(Extracted data Opens)
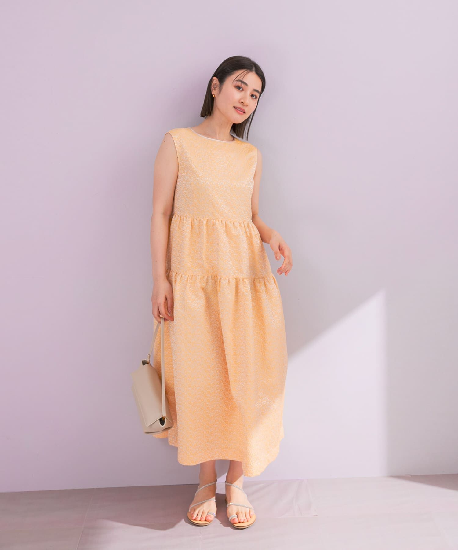 【一枚で華やかに決まる、ティアードワンピース】表情豊かな小花柄のジャガード素材をたっぷりと使用し、微配色の花柄が、大人の日常に品の良い華やかさを添え.. |
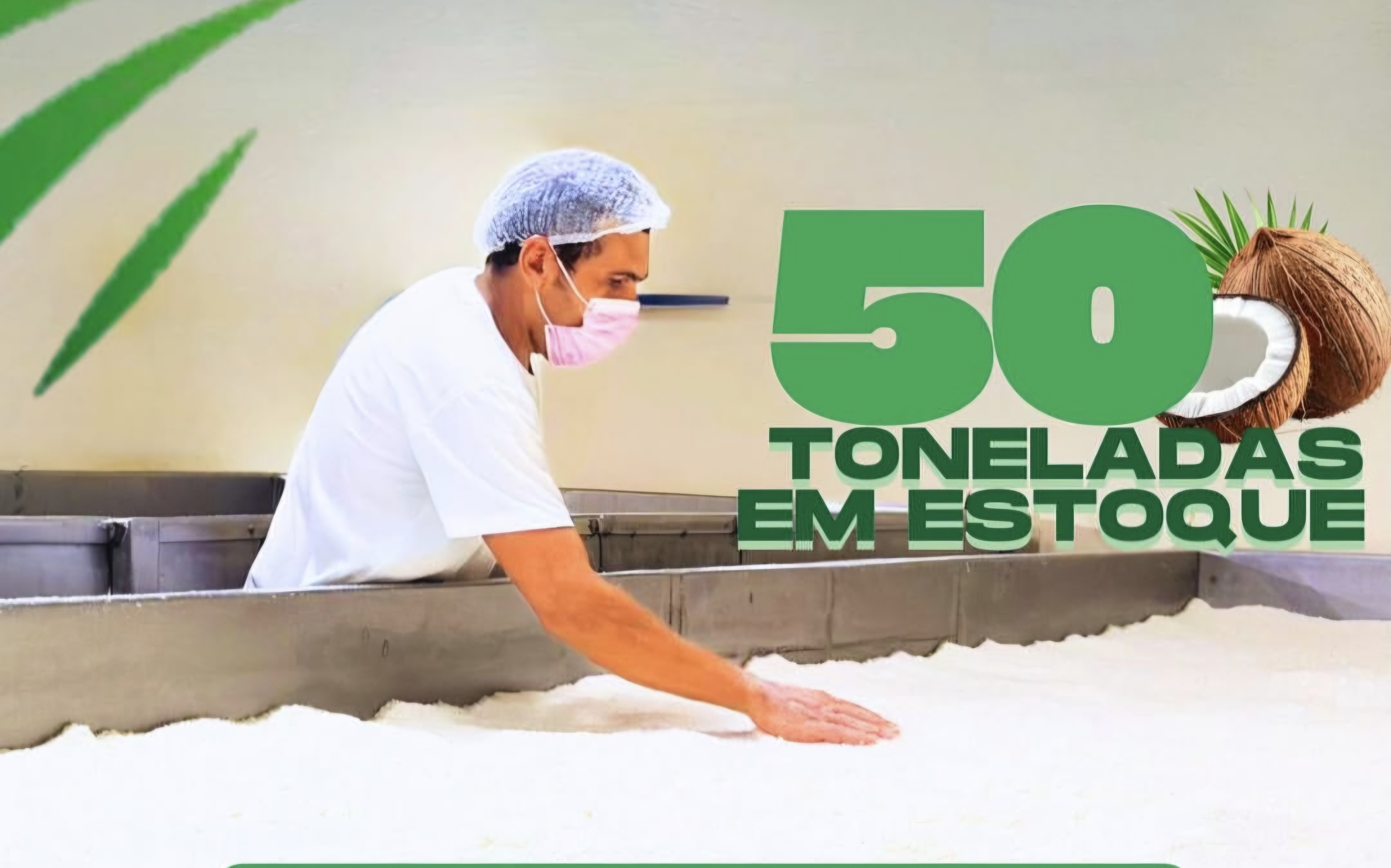 Assim a COOPAIBA mantém 50 toneladas de derivados do coco em estoque e segue com produção acelerada em Piaçabuçu, fortalecendo a agricultura familiar e movimentando a economia local, ondee mais de 1.300 cooperados transforman organização em resultado, produção em desenvolvimento e união em crescimento.
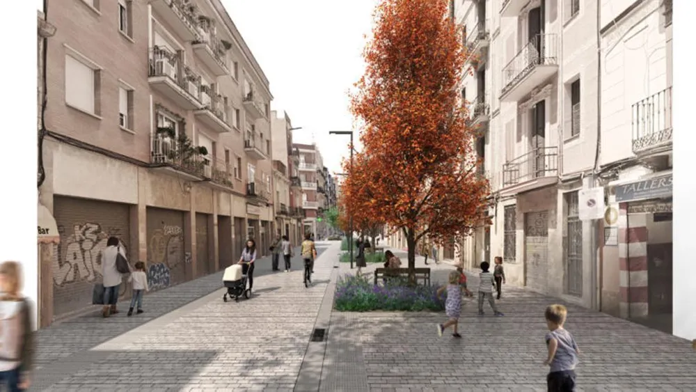 1990's Barcelona pedestrianized street: bollards everywhere!
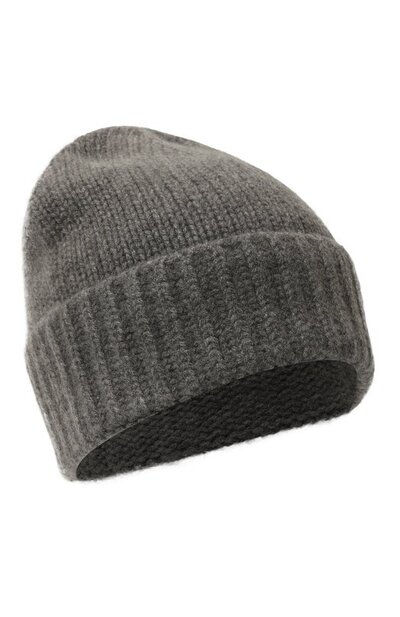 Главное достоинство шапки спокойного серого оттенка нельзя оценить взглядом. Плотно скрученная кашемировая пряжа, созданная из пуха горных коз, почти не ощущается на голове, но окутывает ее теплом. Чтобы аксессуар лучше защищал от ветра, его дополнили широким отворотом.
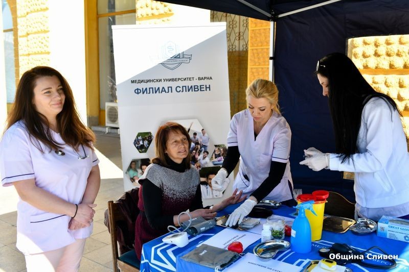 Измерване на кръвно налягане, сатурация, кръвна захар и други показатели ще се извършва на 6, 7 и 8 април пред сградата на Общината в Сливен. Инициативата е на Медицинския филиал в града по повод 7 април – Световен ден на здравето и Ден на здравния работник. Студенти ще извършват измерванията от 10 до 16 часа през трите дни. Община Сливен се включва в проявата с информация за здравословното хранене и предоставяне на плод за всеки, който си направи изследвания.
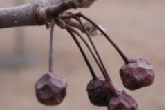 | Twigs | Twigs are thorn less in cultivated trees, but in wild types (including trees that develop from sprouts of a tree that was felled), the twigs end in thorns. Twigs are reddish-brown to grey with large, ovate, fuzzy terminal buds about 0.5 to 1.5 centimeters in length on branch tips and spur shoots. |
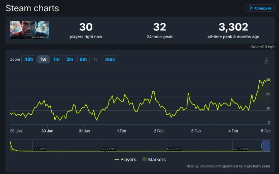 尽管这款游戏最近在Steam平台上的评价略有回暖,但实际处境依旧十分严峻:根据SteamDB的数据,过去一天里它的玩家峰值人数仅为31人。在Discord社区中,许多老玩家对游戏更新的实际价值提出了质疑,同时也对开发工作室长期以来的缄默态度感到颇为不满。
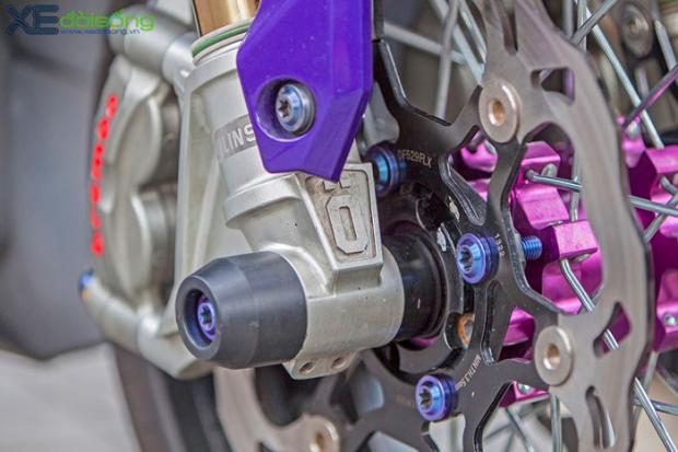 Trước đây, bản độ này có 'chi chít' đồ chơi hạng nặng thừa hưởng từ rất nhiều mẫu xe phân khối lớn, nhưng hiện tại với tiêu chí 'di chuyển ổn định hằng ngày', chủ xe quyết định lược bớt một số chi tiết, chỉ giữ lại những gì tâm đắc nhất cũng như những gì có tác dụng tốt nhất.
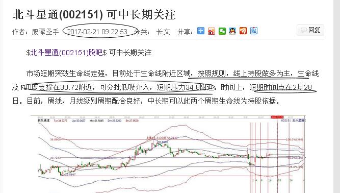 而市場后期的走勢完全印證了前期的分析,選出后,股價回落生命線,并在時間點2月28日啟動上升,快速到達藍色線,結合分析中的價格,從30.72到34.8左右,幾乎是可以完全把控,在操作的過程中,這波利潤很容易拿到10%左右的獲利空間。在實盤操作中,也曾及時的結合工具做出提示。
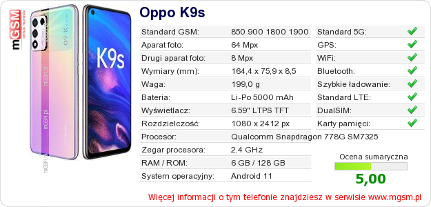 Dane telefonu Oppo K9s na Twojej stronie
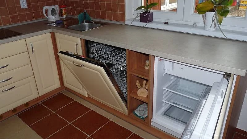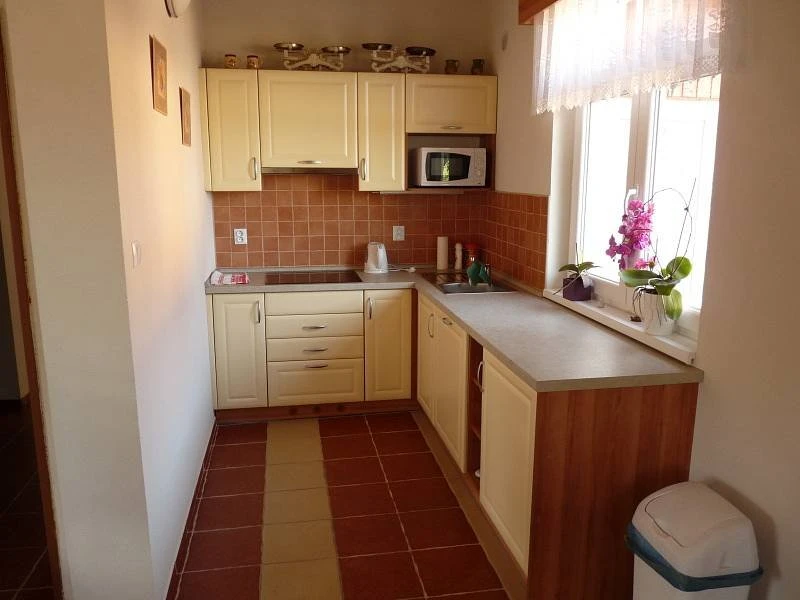 - Kuchyňka s varnou deskou, mikrovlnkou, lednicí, myčkou nádobí a kuchyňským nádobím
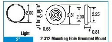 THIS IS A 2 INCH BLUE LENS SINGLE BULB 12 VOLT SEALED LIGHT. THE SINGLE BULB IS NOT REPLACEABLE. IT IS 5/8 OF AND INCH DEEP AND 2 INCHES IN DIAMETER. IT REQUIRES A 2-1/4 INCH HOLE AND A RUBBER GROMMET TO HOLD THE LIGHT IN. IT USES A TWO PRONG PIGTAIL, WHICH IS NOT INCLUDED. NEW, BULK PACKAGING. Set of 2.
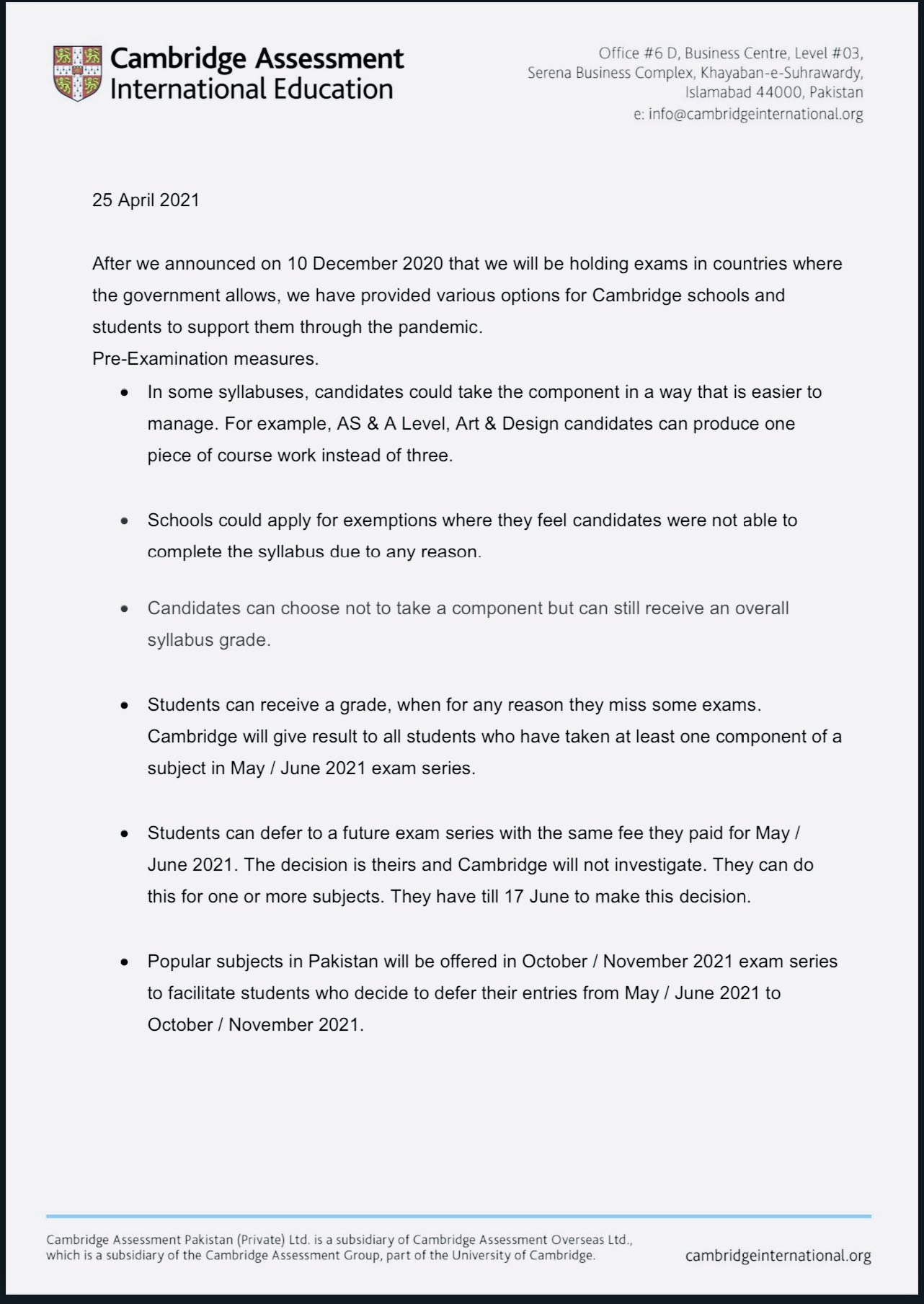 تفصیلات کے مطابق کیمبرج امتحانات کے لئے کیمبرج انتظامیہ کی جانب سے گائیڈلائن واضح کرنے کے لئے ایک خط جاری کیا گیا ہے۔
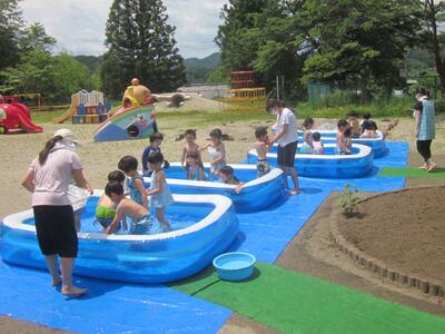子どもたちも、職員も待ちに待ったプール遊びです。
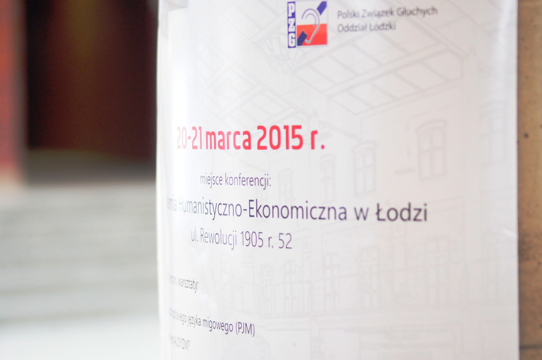 W dniach 20-21 marca w Akademii Humanistyczno-Ekonomicznej w Łodzi odbyła się konferencja pt. Edukacja niesłyszących wczoraj, dziś i jutro. W stulecie kształcenia głuchych w Łodzi. Organizatorami konferencji była Akademia Humanistyczno-Ekonomiczna w Łodzi wraz z Specjalnym Ośrodkiem Szkolno-Wychowawczym dla Dzieci Niesłyszących w Łodzi i Polskim Związkiem Głuchych Oddział w Łodzi. Konferencja odbyła się w siedzibie Uczelni. Wzięło w niej udział ok.130 osób. Byli to zarówno naukowcy m.in. prof. dr hab. Kazimiera Krakowiak (Katolicki Uniwersytet Lubelski im. Jana Pawła II), prof. dr hab. Bogdan Szczepankowski (przewodniczący Polskiej Rady Języka Migowego), dr hab. Dorota Podgórska-Jachnik (Uniwersytet Kazimierza Wielkiego w Bydgoszczy), wykładowcy uczelni wyższych z Instytutu Fizjologii i Patologii Słuchu w Warszawie, Instytutu Głuchoniemych w Warszawie, Pracowni Lingwistyki Migowej, Uniwersytetu Warszawskiego, Uniwersytetu Pedagogicznego w Krakowie, Uniwersytetu Wrocławskiego, Katolickiego Uniwersytetu Lubelskiego im. Jana Pawła II, Akademii Pedagogiki Specjalnej w Warszawie, Uniwersytetu Przyrodniczo-Humanistyczny w Siedlcach. Uczestniczyła bardzo duża grupa nauczycieli z ośrodków dla dzieci niesłyszących z całej Polski, poza tym uczestniczyli nauczyciele szkół integracyjnych, logopedzi, pedagodzy szkolni, rodzice dzieci niesłyszących oraz studenci.
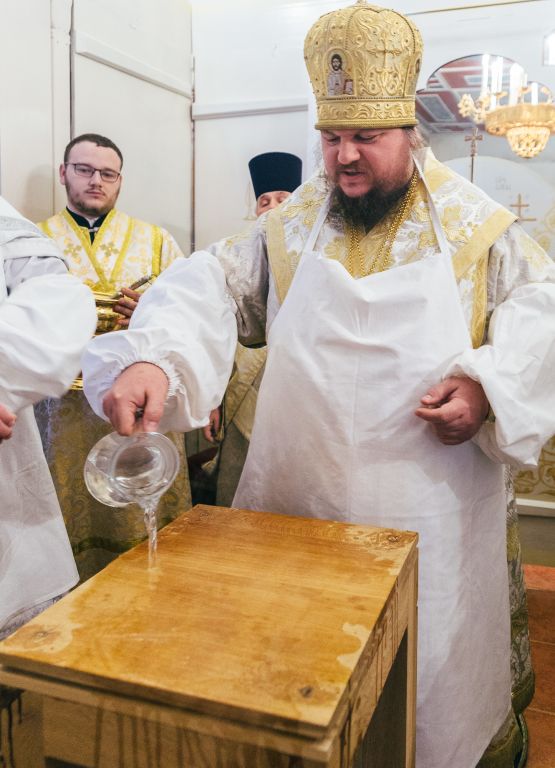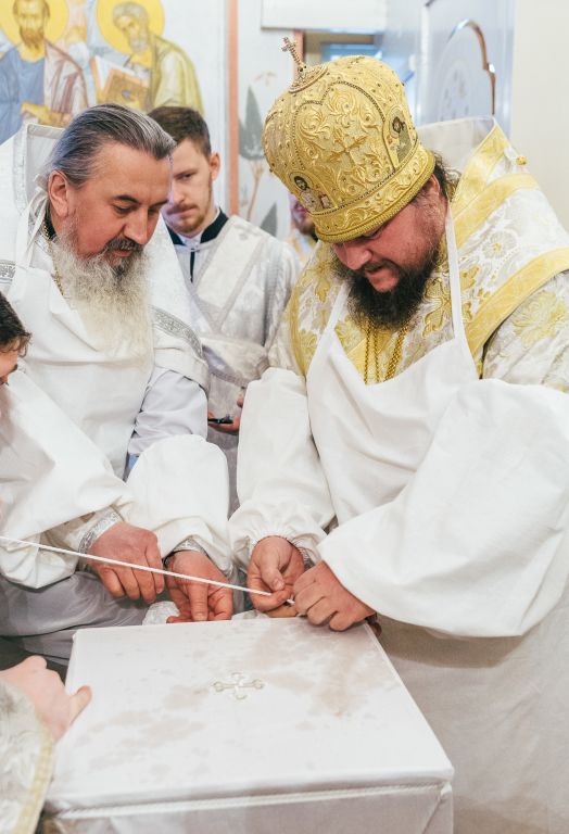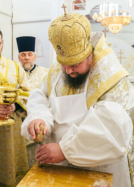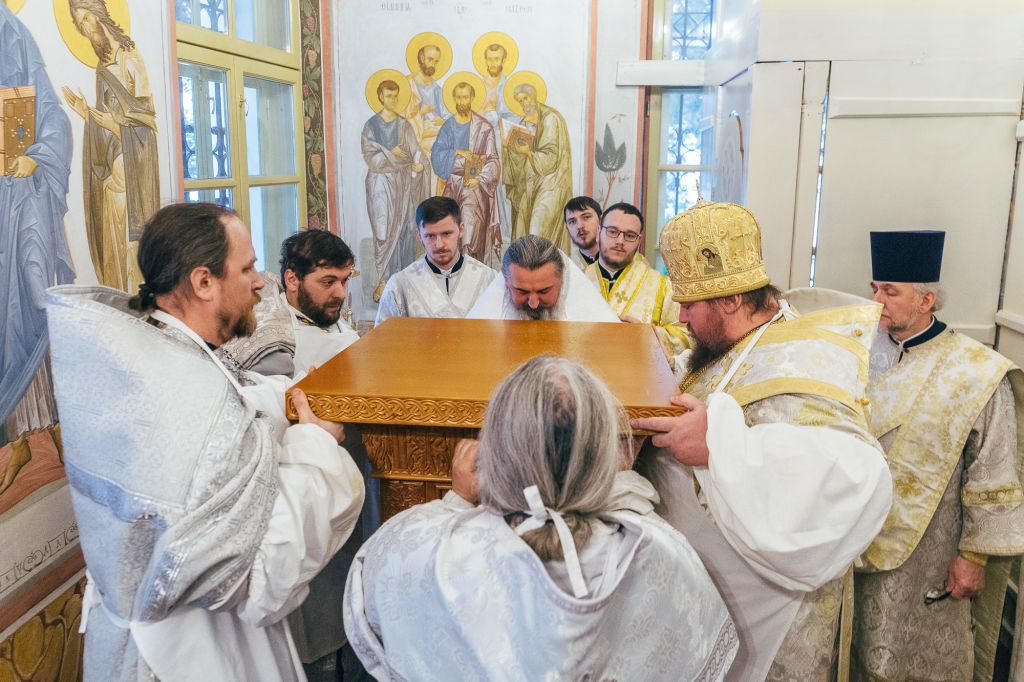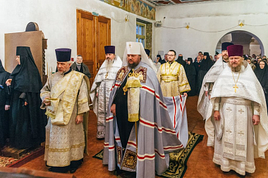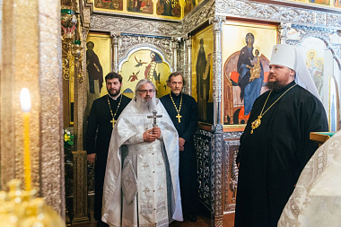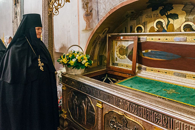По окончании богослужения состоялось молебное славление преподобному Пахомию Нерехтскому, после чего Высокопреосвященнейший владыка поздравил собравшихся с важным событием в духовной жизни монастыря – освящением престола – и поблагодарил всех, кто потрудился над подготовкой Пахомиевского придела к великому освящению.
(Extracted data Closes)
Aim of the exercise >> All of the records above should be reproduced exactly, with the pictures left out.

Exercise solution >>
 【一枚で華やかに決まる、ティアードワンピース】表情豊かな小花柄のジャガード素材をたっぷりと使用し、微配色の花柄が、大人の日常に品の良い華やかさを添え.. |
 Assim a COOPAIBA mantém 50 toneladas de derivados do coco em estoque e segue com produção acelerada em Piaçabuçu, fortalecendo a agricultura familiar e movimentando a economia local, ondee mais de 1.300 cooperados transforman organização em resultado, produção em desenvolvimento e união em crescimento.
 1990's Barcelona pedestrianized street: bollards everywhere!
 Главное достоинство шапки спокойного серого оттенка нельзя оценить взглядом. Плотно скрученная кашемировая пряжа, созданная из пуха горных коз, почти не ощущается на голове, но окутывает ее теплом. Чтобы аксессуар лучше защищал от ветра, его дополнили широким отворотом.
 Измерване на кръвно налягане, сатурация, кръвна захар и други показатели ще се извършва на 6, 7 и 8 април пред сградата на Общината в Сливен. Инициативата е на Медицинския филиал в града по повод 7 април – Световен ден на здравето и Ден на здравния работник. Студенти ще извършват измерванията от 10 до 16 часа през трите дни. Община Сливен се включва в проявата с информация за здравословното хранене и предоставяне на плод за всеки, който си направи изследвания.
 | Twigs | Twigs are thorn less in cultivated trees, but in wild types (including trees that develop from sprouts of a tree that was felled), the twigs end in thorns. Twigs are reddish-brown to grey with large, ovate, fuzzy terminal buds about 0.5 to 1.5 centimeters in length on branch tips and spur shoots. |
 尽管这款游戏最近在Steam平台上的评价略有回暖,但实际处境依旧十分严峻:根据SteamDB的数据,过去一天里它的玩家峰值人数仅为31人。在Discord社区中,许多老玩家对游戏更新的实际价值提出了质疑,同时也对开发工作室长期以来的缄默态度感到颇为不满。
 Trước đây, bản độ này có 'chi chít' đồ chơi hạng nặng thừa hưởng từ rất nhiều mẫu xe phân khối lớn, nhưng hiện tại với tiêu chí 'di chuyển ổn định hằng ngày', chủ xe quyết định lược bớt một số chi tiết, chỉ giữ lại những gì tâm đắc nhất cũng như những gì có tác dụng tốt nhất.
 而市場后期的走勢完全印證了前期的分析,選出后,股價回落生命線,并在時間點2月28日啟動上升,快速到達藍色線,結合分析中的價格,從30.72到34.8左右,幾乎是可以完全把控,在操作的過程中,這波利潤很容易拿到10%左右的獲利空間。在實盤操作中,也曾及時的結合工具做出提示。
 Dane telefonu Oppo K9s na Twojej stronie
 - Kuchyňka s varnou deskou, mikrovlnkou, lednicí, myčkou nádobí a kuchyňským nádobím
 THIS IS A 2 INCH BLUE LENS SINGLE BULB 12 VOLT SEALED LIGHT. THE SINGLE BULB IS NOT REPLACEABLE. IT IS 5/8 OF AND INCH DEEP AND 2 INCHES IN DIAMETER. IT REQUIRES A 2-1/4 INCH HOLE AND A RUBBER GROMMET TO HOLD THE LIGHT IN. IT USES A TWO PRONG PIGTAIL, WHICH IS NOT INCLUDED. NEW, BULK PACKAGING. Set of 2.
 تفصیلات کے مطابق کیمبرج امتحانات کے لئے کیمبرج انتظامیہ کی جانب سے گائیڈلائن واضح کرنے کے لئے ایک خط جاری کیا گیا ہے۔
子どもたちも、職員も待ちに待ったプール遊びです。
 W dniach 20-21 marca w Akademii Humanistyczno-Ekonomicznej w Łodzi odbyła się konferencja pt. Edukacja niesłyszących wczoraj, dziś i jutro. W stulecie kształcenia głuchych w Łodzi. Organizatorami konferencji była Akademia Humanistyczno-Ekonomiczna w Łodzi wraz z Specjalnym Ośrodkiem Szkolno-Wychowawczym dla Dzieci Niesłyszących w Łodzi i Polskim Związkiem Głuchych Oddział w Łodzi. Konferencja odbyła się w siedzibie Uczelni. Wzięło w niej udział ok.130 osób. Byli to zarówno naukowcy m.in. prof. dr hab. Kazimiera Krakowiak (Katolicki Uniwersytet Lubelski im. Jana Pawła II), prof. dr hab. Bogdan Szczepankowski (przewodniczący Polskiej Rady Języka Migowego), dr hab. Dorota Podgórska-Jachnik (Uniwersytet Kazimierza Wielkiego w Bydgoszczy), wykładowcy uczelni wyższych z Instytutu Fizjologii i Patologii Słuchu w Warszawie, Instytutu Głuchoniemych w Warszawie, Pracowni Lingwistyki Migowej, Uniwersytetu Warszawskiego, Uniwersytetu Pedagogicznego w Krakowie, Uniwersytetu Wrocławskiego, Katolickiego Uniwersytetu Lubelskiego im. Jana Pawła II, Akademii Pedagogiki Specjalnej w Warszawie, Uniwersytetu Przyrodniczo-Humanistyczny w Siedlcach. Uczestniczyła bardzo duża grupa nauczycieli z ośrodków dla dzieci niesłyszących z całej Polski, poza tym uczestniczyli nauczyciele szkół integracyjnych, logopedzi, pedagodzy szkolni, rodzice dzieci niesłyszących oraz studenci.
По окончании богослужения состоялось молебное славление преподобному Пахомию Нерехтскому, после чего Высокопреосвященнейший владыка поздравил собравшихся с важным событием в духовной жизни монастыря – освящением престола – и поблагодарил всех, кто потрудился над подготовкой Пахомиевского придела к великому освящению.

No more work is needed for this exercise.